### Exercise data
== Segment start ==

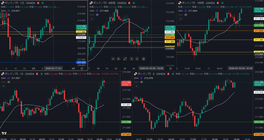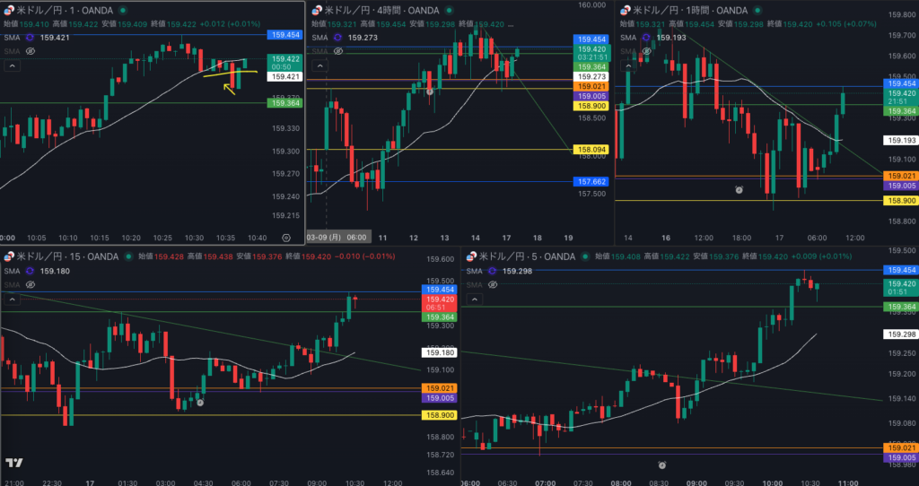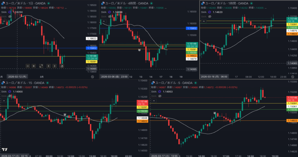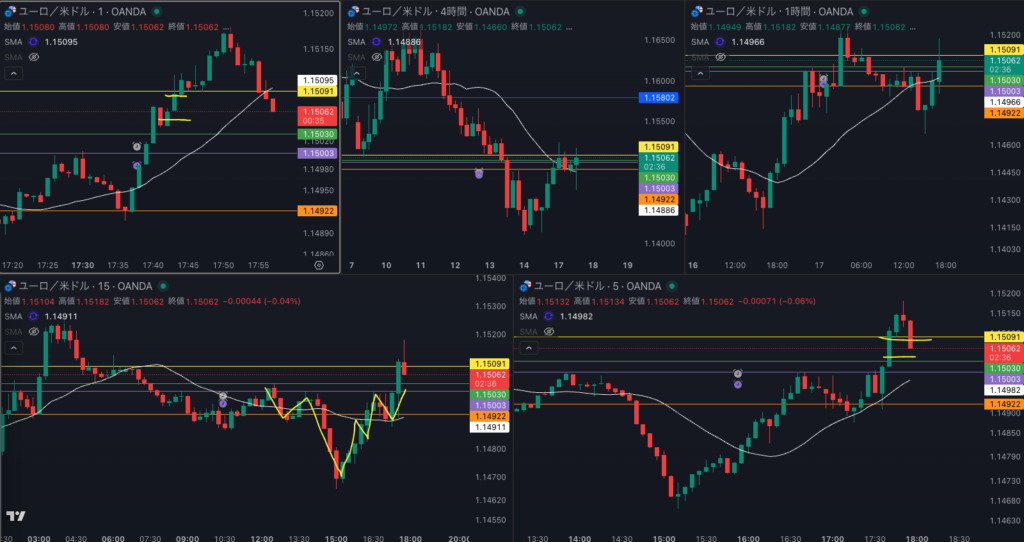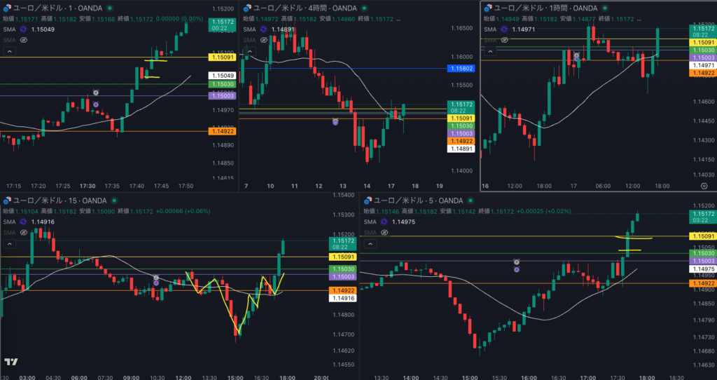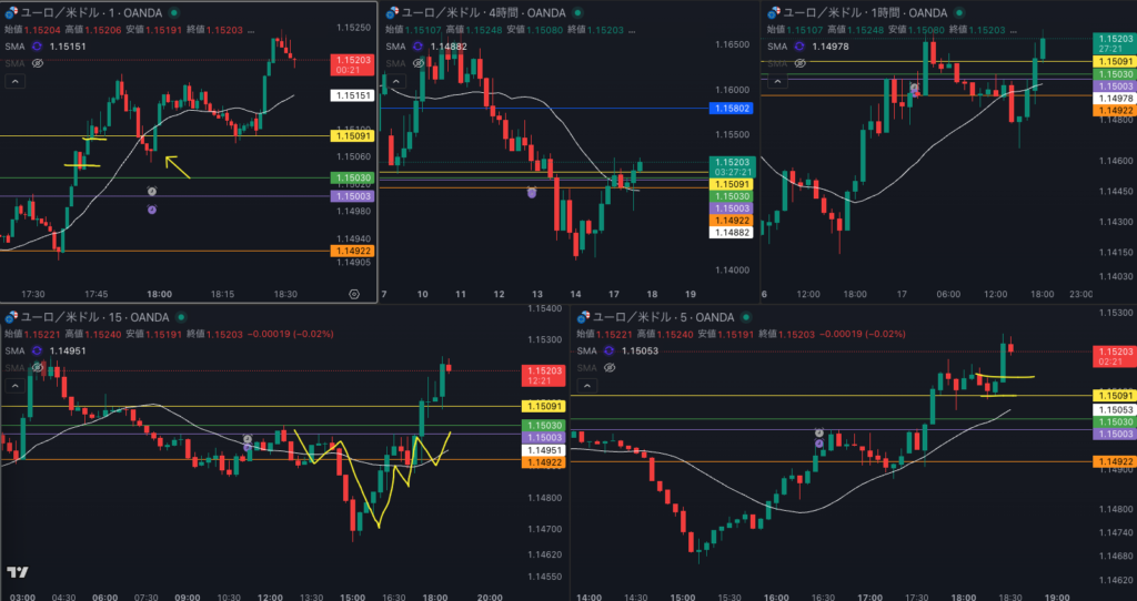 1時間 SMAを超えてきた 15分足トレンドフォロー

== Segment end ==
== Segment start ==

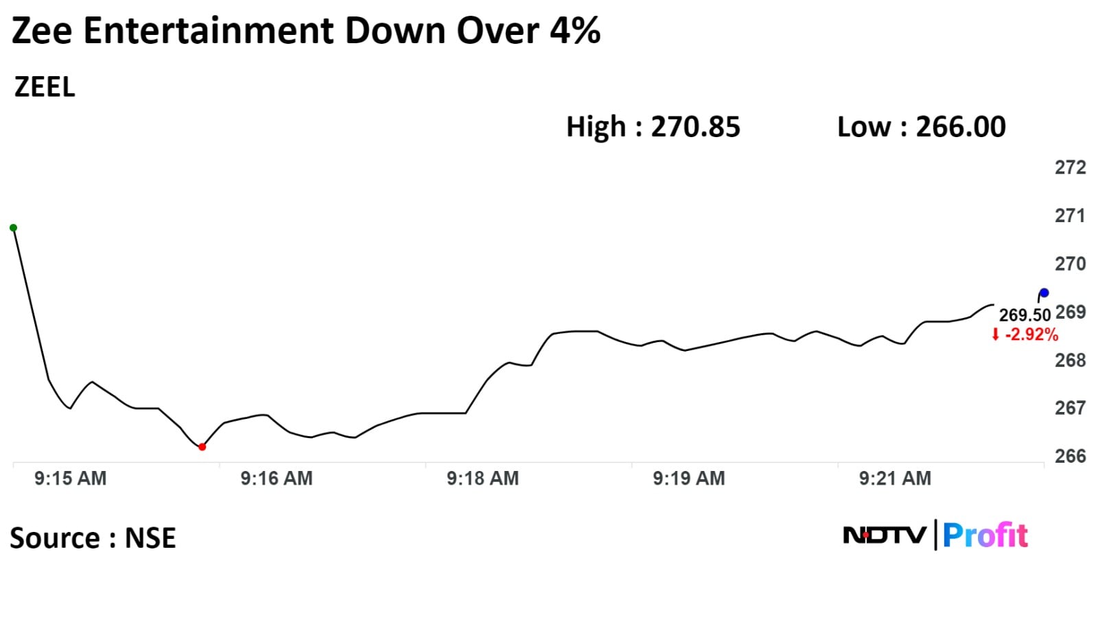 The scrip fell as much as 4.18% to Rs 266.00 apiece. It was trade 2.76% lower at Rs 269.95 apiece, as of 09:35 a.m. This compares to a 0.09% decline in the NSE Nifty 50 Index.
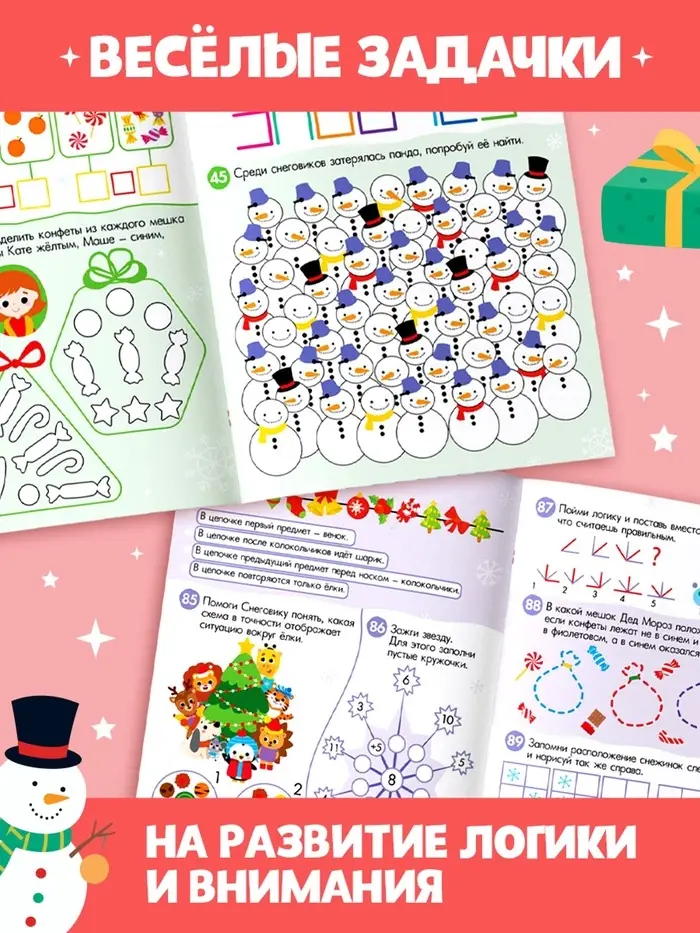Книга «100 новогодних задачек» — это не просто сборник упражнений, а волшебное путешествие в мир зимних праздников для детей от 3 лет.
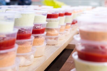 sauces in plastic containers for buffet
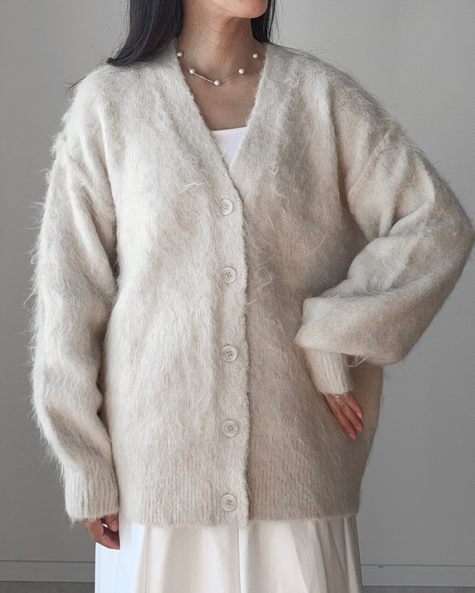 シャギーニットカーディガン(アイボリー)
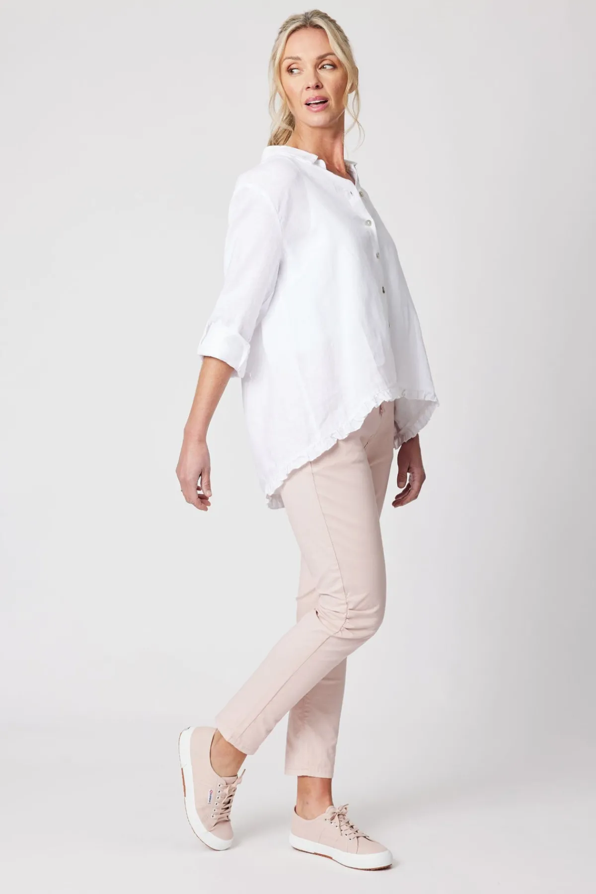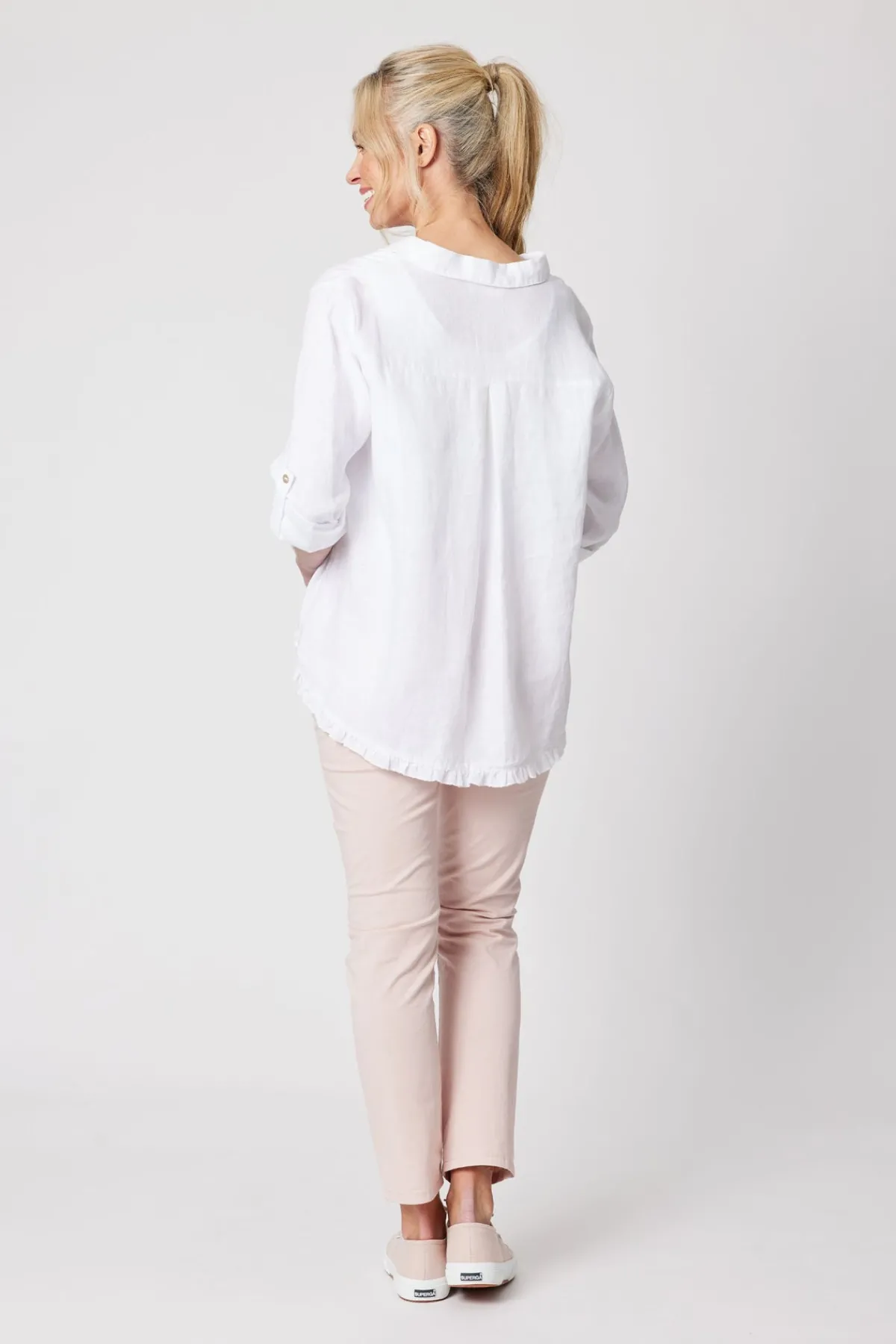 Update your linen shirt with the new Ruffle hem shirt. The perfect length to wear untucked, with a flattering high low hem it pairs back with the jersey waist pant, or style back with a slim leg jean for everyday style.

== Segment end ==

### Problem
Although the records above contain pictures, the copy must not; set down exactly the lines from the one with "The scrip fell" up to and including the one with "Update your linen".

### Answer to this problem
 The scrip fell as much as 4.18% to Rs 266.00 apiece. It was trade 2.76% lower at Rs 269.95 apiece, as of 09:35 a.m. This compares to a 0.09% decline in the NSE Nifty 50 Index.
Книга «100 новогодних задачек» — это не просто сборник упражнений, а волшебное путешествие в мир зимних праздников для детей от 3 лет.
 sauces in plastic containers for buffet
 シャギーニットカーディガン(アイボリー)
 Update your linen shirt with the new Ruffle hem shirt. The perfect length to wear untucked, with a flattering high low hem it pairs back with the jersey waist pant, or style back with a slim leg jean for everyday style.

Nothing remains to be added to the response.